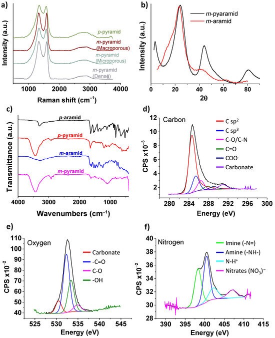 (a) Raman spectra of meta- and para-pyramids. (b) XRD spectra of m-aramid and m-pyramid. (c) FTIR of m- and p-aramids and m- and p-pyramids. (d–f) XPS high-resolution spectra corresponding to carbon, oxygen, and nitrogen, respectively, in dense m-pyramid.
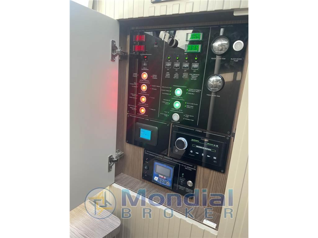 Acqua Calda, Altoparlanti, Boiler, Clima reversibile, Cucina (esterna), Cuscineria di prua, Cuscineria Pozzetto, Dimmer per Luci (luci Rgb esterne), Frigorifero esterno, Frigorifero interno, Indicatore del serbatoio del carburante, Indicatore del Serbatoio dell’Acqua, Indicatore del Serbatoio delle Acque Reflue, Pavimento interno in legno, Piastra in vetroceramica, Prese interne 12v, Prese interne 220v, Serbatoio Acque Nere, Stereo, Telo copriconsolle, Telo coprisedile, Tendalino (poppa con pali carbonio), WC marino elettrico
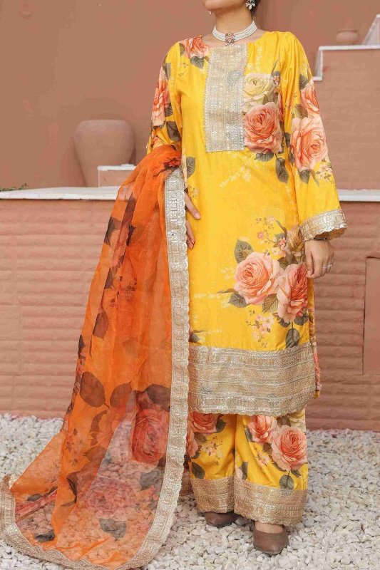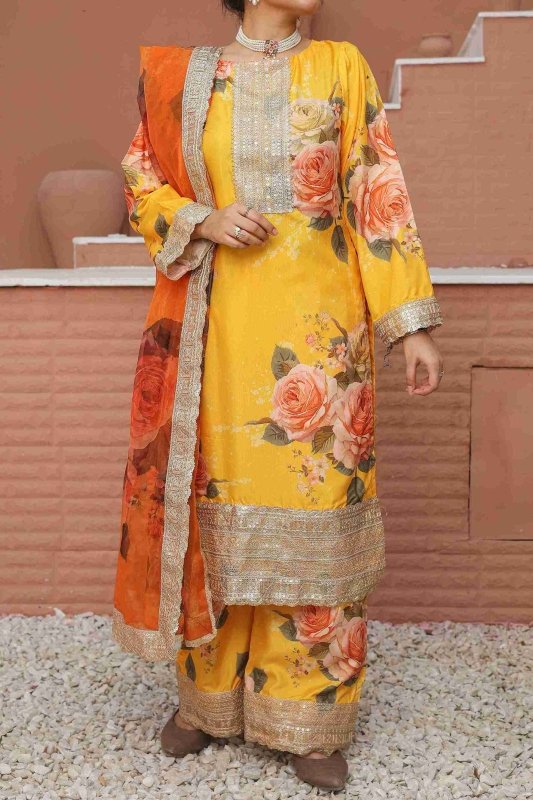 The wide-leg trousers carry matching floral motifs, while the flowy orange dupatta with rose patterns and golden lace borders adds depth and sophistication, making this outfit the perfect choice for festive and celebratory occasions.
····················
== Work task ==
None of the pictures should be carried over when the data above is transcribed exactly.

== Exercise solution ==
 (a) Raman spectra of meta- and para-pyramids. (b) XRD spectra of m-aramid and m-pyramid. (c) FTIR of m- and p-aramids and m- and p-pyramids. (d–f) XPS high-resolution spectra corresponding to carbon, oxygen, and nitrogen, respectively, in dense m-pyramid.
 Acqua Calda, Altoparlanti, Boiler, Clima reversibile, Cucina (esterna), Cuscineria di prua, Cuscineria Pozzetto, Dimmer per Luci (luci Rgb esterne), Frigorifero esterno, Frigorifero interno, Indicatore del serbatoio del carburante, Indicatore del Serbatoio dell’Acqua, Indicatore del Serbatoio delle Acque Reflue, Pavimento interno in legno, Piastra in vetroceramica, Prese interne 12v, Prese interne 220v, Serbatoio Acque Nere, Stereo, Telo copriconsolle, Telo coprisedile, Tendalino (poppa con pali carbonio), WC marino elettrico
 The wide-leg trousers carry matching floral motifs, while the flowy orange dupatta with rose patterns and golden lace borders adds depth and sophistication, making this outfit the perfect choice for festive and celebratory occasions.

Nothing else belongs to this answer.